BEGIN

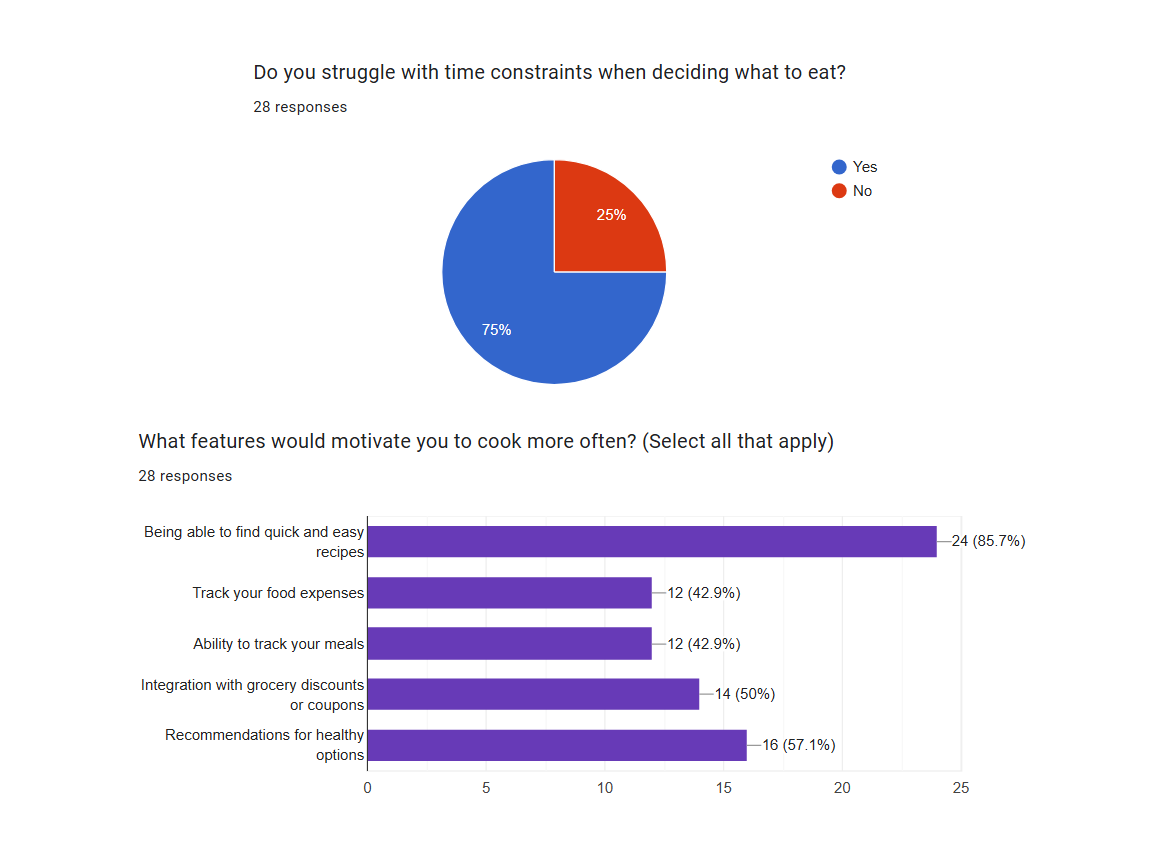 We found that the majority of users struggled with time constraints when deciding what to eat. Being able to find quick and easy recipes was also the most requested feature that would motivate users to cook more often.
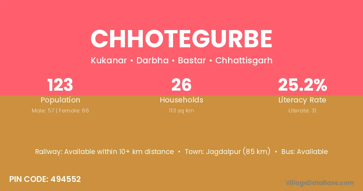 Chhotegurbe village has a total population of 123 people, of which 57 are males and 66 are females.
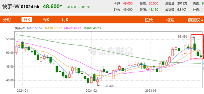 2024年3月20日,快手发布2023年财报,全年营收首度超过千亿元大关,也首次扭亏为盈,经调整后净利润突破百亿元。让人意外的是如此亮眼的业绩表现,在财报发布后快手股价却三连跌,截至3月25日收盘,快手股价为48.6港元,较高峰值跌幅近九成,市值蒸发1.6万亿港元。
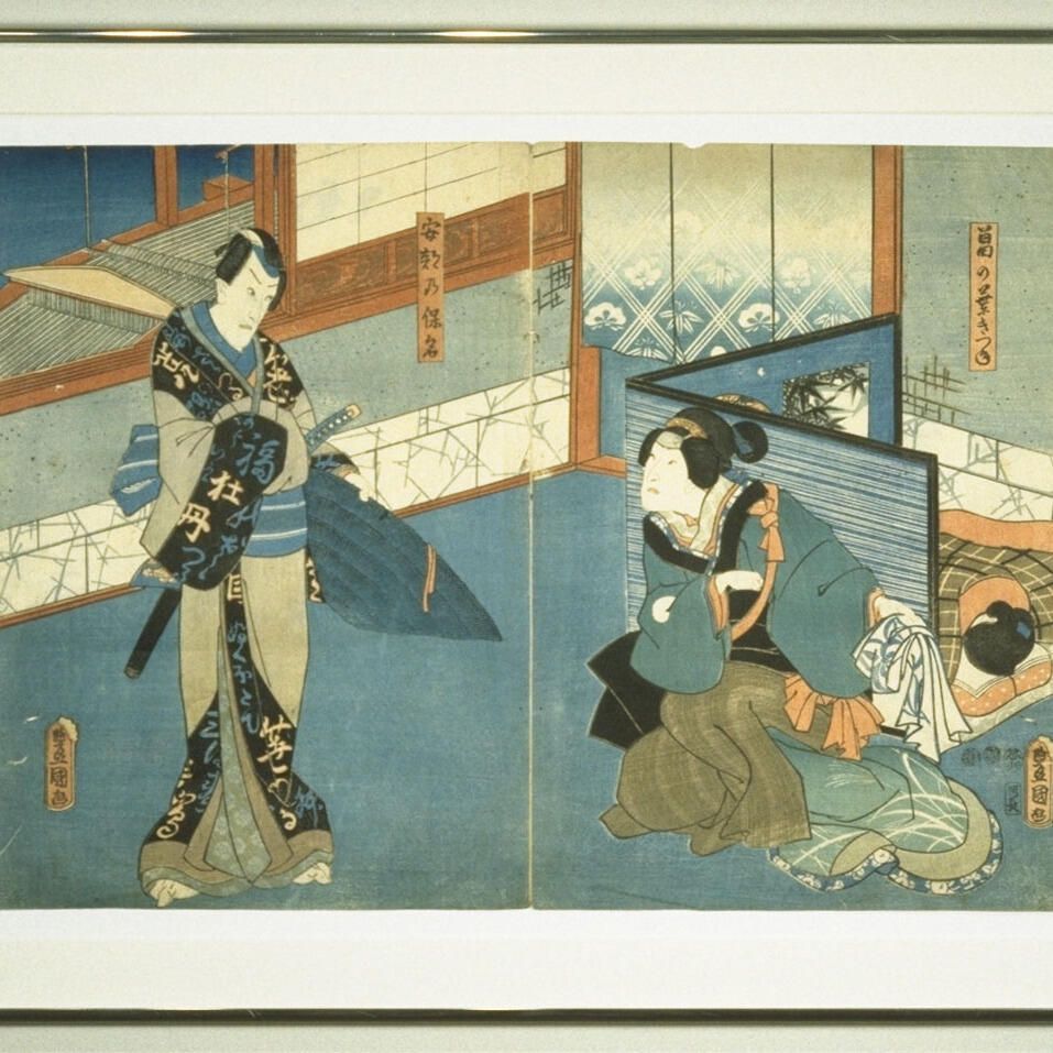 Ukiyo-e woodcut of the Edo period, Japan by Utagawa Kunisada. Kunisada was the most prolific and admired of printmakers during this period. Known by many names, including Utagawa Kuniyoshi, and Utagawa Toyokuni III.
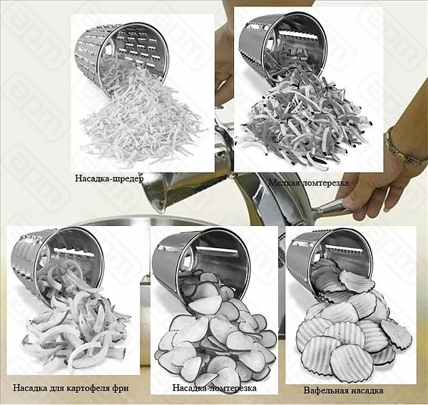 – Насадка-шредер для твёрдых продуктов (свёкла, морковь, картофель).

END

Above are the records; transcribe them exactly without the pictures.

**Written answer**.
 We found that the majority of users struggled with time constraints when deciding what to eat. Being able to find quick and easy recipes was also the most requested feature that would motivate users to cook more often.
 Chhotegurbe village has a total population of 123 people, of which 57 are males and 66 are females.
 2024年3月20日,快手发布2023年财报,全年营收首度超过千亿元大关,也首次扭亏为盈,经调整后净利润突破百亿元。让人意外的是如此亮眼的业绩表现,在财报发布后快手股价却三连跌,截至3月25日收盘,快手股价为48.6港元,较高峰值跌幅近九成,市值蒸发1.6万亿港元。
 Ukiyo-e woodcut of the Edo period, Japan by Utagawa Kunisada. Kunisada was the most prolific and admired of printmakers during this period. Known by many names, including Utagawa Kuniyoshi, and Utagawa Toyokuni III.
 – Насадка-шредер для твёрдых продуктов (свёкла, морковь, картофель).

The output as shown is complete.